Working data:
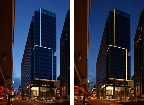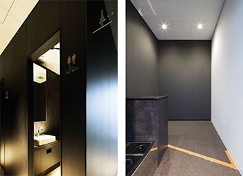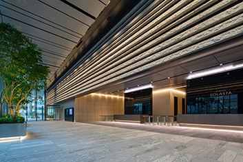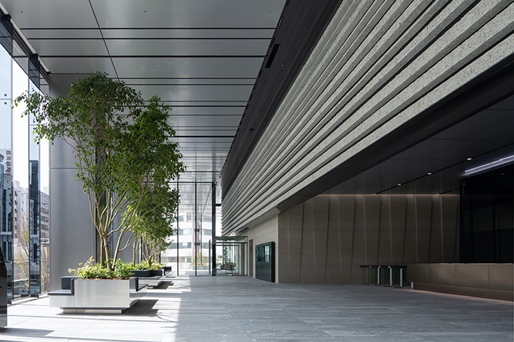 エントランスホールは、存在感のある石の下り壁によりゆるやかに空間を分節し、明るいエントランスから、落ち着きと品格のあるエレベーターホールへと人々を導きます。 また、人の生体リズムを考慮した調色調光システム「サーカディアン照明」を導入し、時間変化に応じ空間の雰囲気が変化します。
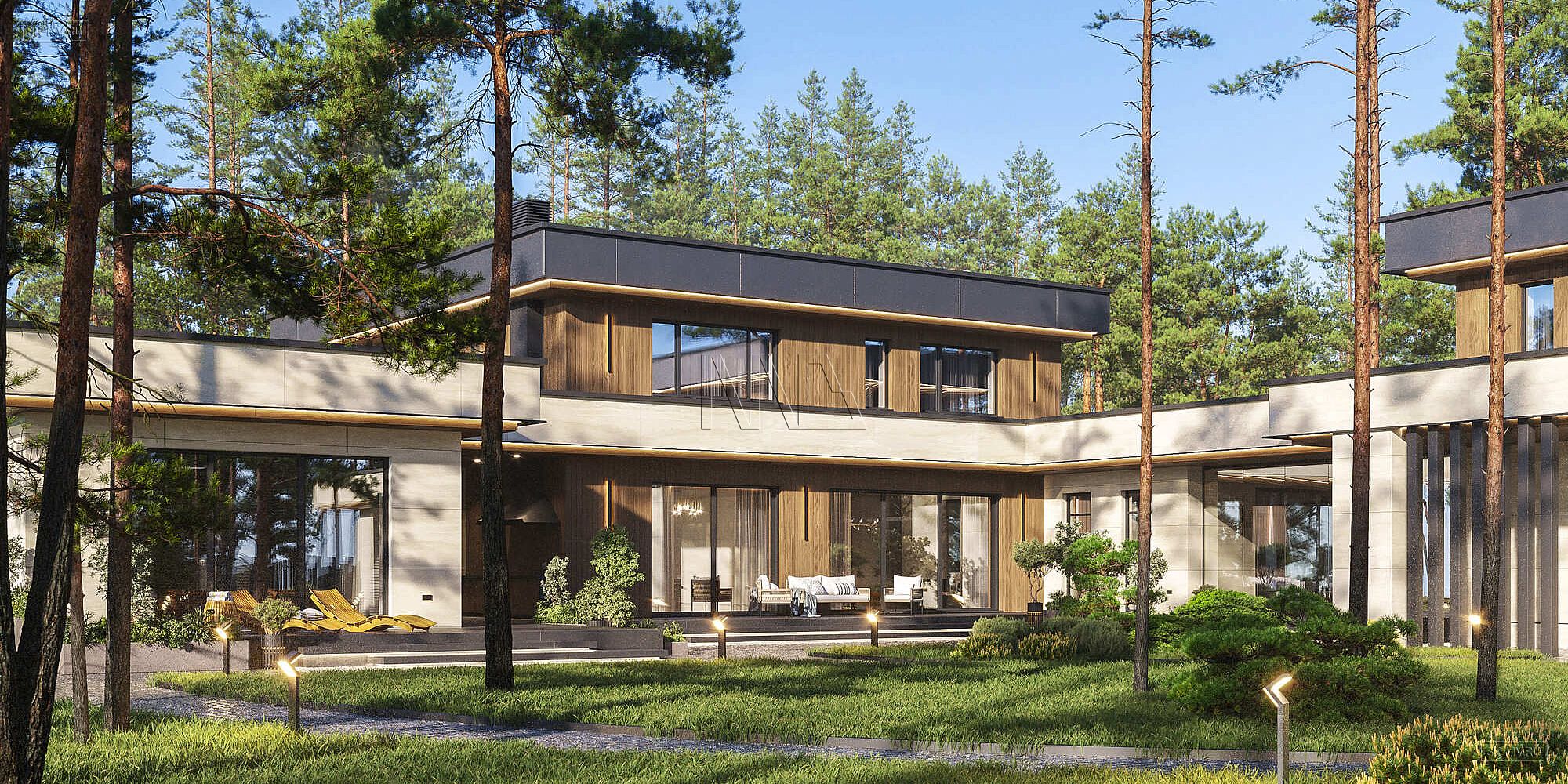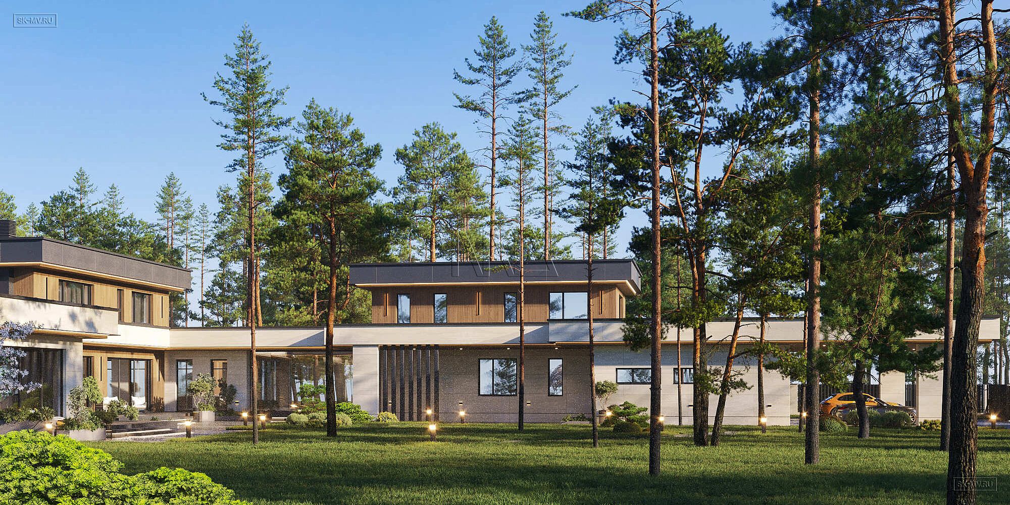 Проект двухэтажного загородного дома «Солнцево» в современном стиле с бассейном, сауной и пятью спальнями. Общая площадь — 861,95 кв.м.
...
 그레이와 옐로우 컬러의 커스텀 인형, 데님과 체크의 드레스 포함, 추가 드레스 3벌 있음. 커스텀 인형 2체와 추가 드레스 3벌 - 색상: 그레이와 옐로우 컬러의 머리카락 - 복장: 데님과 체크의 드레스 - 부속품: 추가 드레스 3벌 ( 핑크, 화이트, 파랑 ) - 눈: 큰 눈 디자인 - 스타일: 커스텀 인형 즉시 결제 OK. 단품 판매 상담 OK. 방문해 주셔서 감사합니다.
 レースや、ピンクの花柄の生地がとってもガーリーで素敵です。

Assignment: Repeat, word for word, the lines above between the line holding "그레이와 옐로우 컬러의 커스텀" and the line holding "レースや、ピンクの花柄の生地がとってもガーリーで素敵です。", inclusive; omit everything else.

Answer for the task:
 그레이와 옐로우 컬러의 커스텀 인형, 데님과 체크의 드레스 포함, 추가 드레스 3벌 있음. 커스텀 인형 2체와 추가 드레스 3벌 - 색상: 그레이와 옐로우 컬러의 머리카락 - 복장: 데님과 체크의 드레스 - 부속품: 추가 드레스 3벌 ( 핑크, 화이트, 파랑 ) - 눈: 큰 눈 디자인 - 스타일: 커스텀 인형 즉시 결제 OK. 단품 판매 상담 OK. 방문해 주셔서 감사합니다.
 レースや、ピンクの花柄の生地がとってもガーリーで素敵です。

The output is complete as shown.